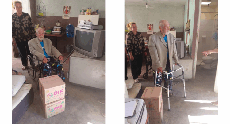 Gracias a la sensibilidad y compromiso de la doctora Beatriz Estrada Martínez, presidenta del Sistema DIF Nayarit, la institución brinda apoyo integral al señor José Sandoval Arellano, de 89 años de edad, quien recibió una silla de ruedas, una andadera y despensas; además, se le harán llegar pañales y otros apoyos que contribuyan a mejorar su calidad de vida.
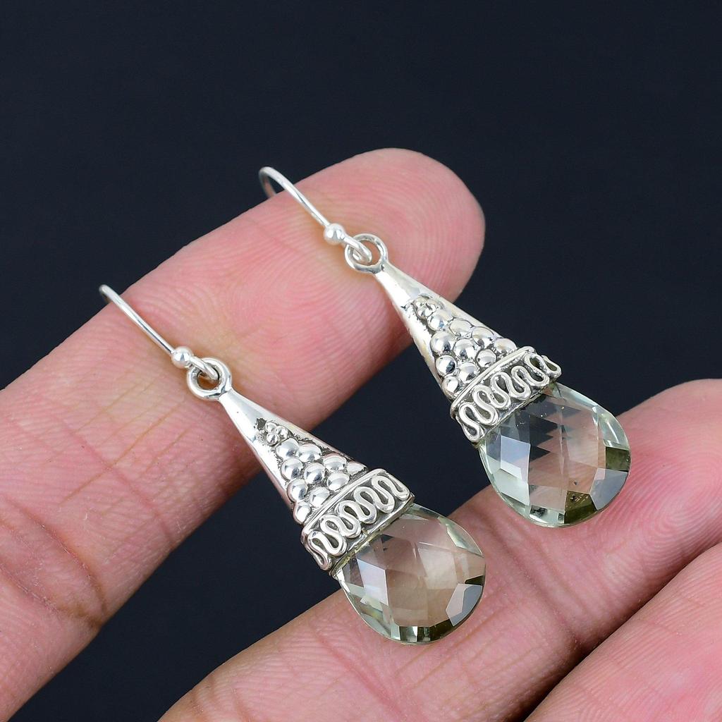 Handmade Green Amethyst Gemstone Silver Earrings
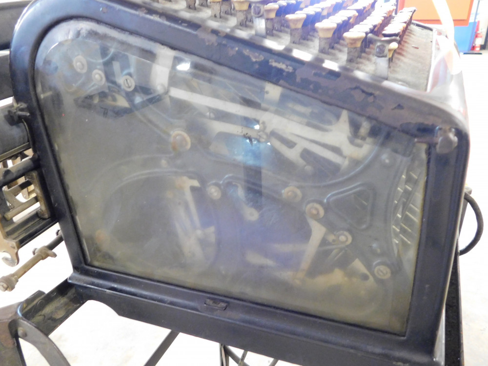 1906 Burroughs adding machine with stand, beveled glass case, condition unknown.
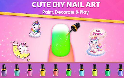 NailArt : Using an intuitive and user-friendly interface, players can choose from a vast collection of nail polish colors, including vibrant shades, pastels, neons, metallics, and more. They can also select from various nail art techniques such as gradient effects, marbling, stamping, or intricate designs using tiny brushes.
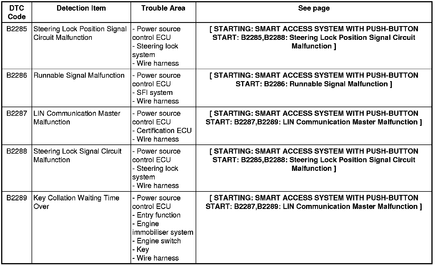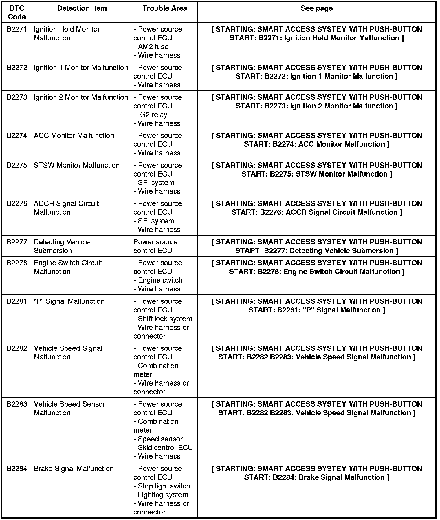 1UR-FSE STARTING: SMART ACCESS SYSTEM WITH PUSH-BUTTON START: DIAGNOSTIC TROUBLE CODE CHART
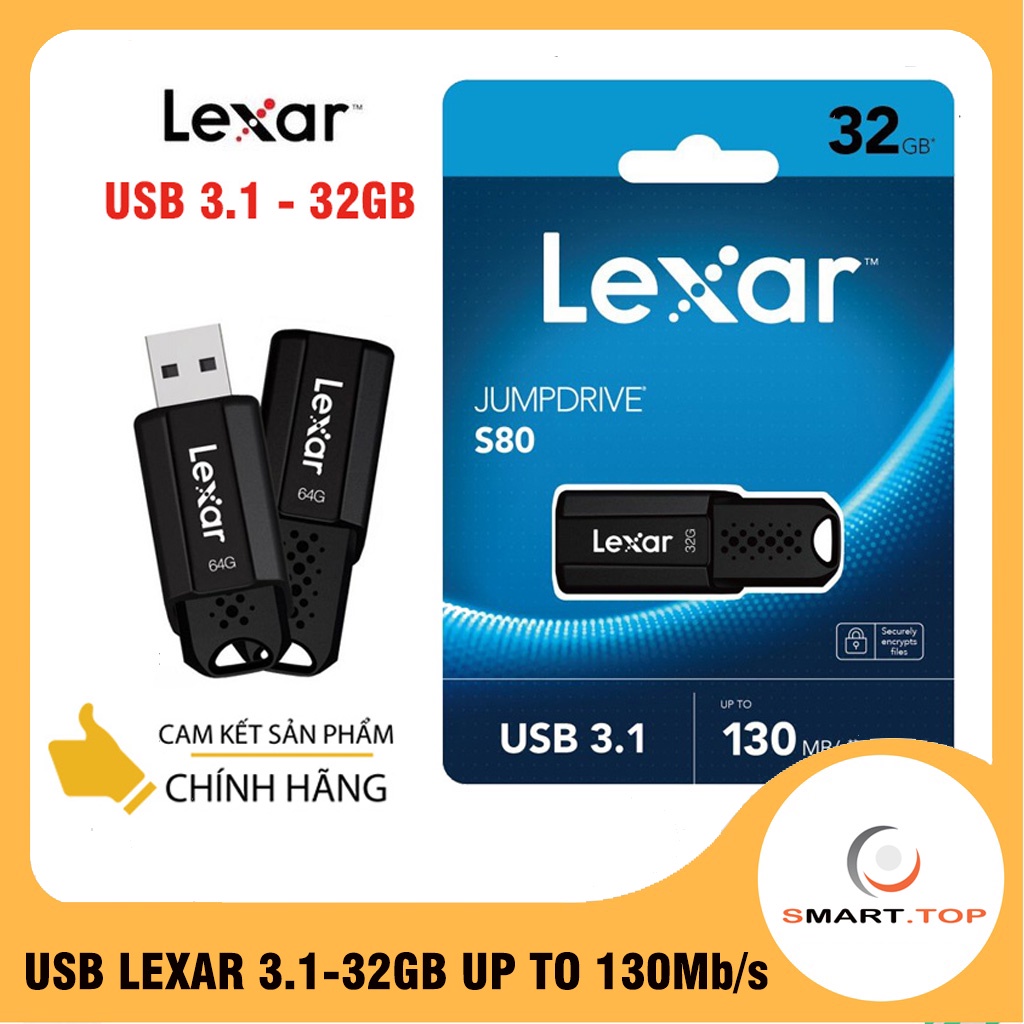 Máy tính & Laptop > Thiết Bị Lưu Trữ > USB & OTG || [Chính Hãng] USB Lexar JumpDrive 32GB S80 USB 3.1, tốc độ đọc lên tới 130Mb/s, Ghi 25Mb/s - Tin Học Mai Hoàng Phân PhốI

----------

Only the lines from the one with "1UR-FSE STARTING: SMART" through the last line of the listing belong in your answer; copy them exactly and skip the pictures.

** Response to the task **
 1UR-FSE STARTING: SMART ACCESS SYSTEM WITH PUSH-BUTTON START: DIAGNOSTIC TROUBLE CODE CHART
 Máy tính & Laptop > Thiết Bị Lưu Trữ > USB & OTG || [Chính Hãng] USB Lexar JumpDrive 32GB S80 USB 3.1, tốc độ đọc lên tới 130Mb/s, Ghi 25Mb/s - Tin Học Mai Hoàng Phân PhốI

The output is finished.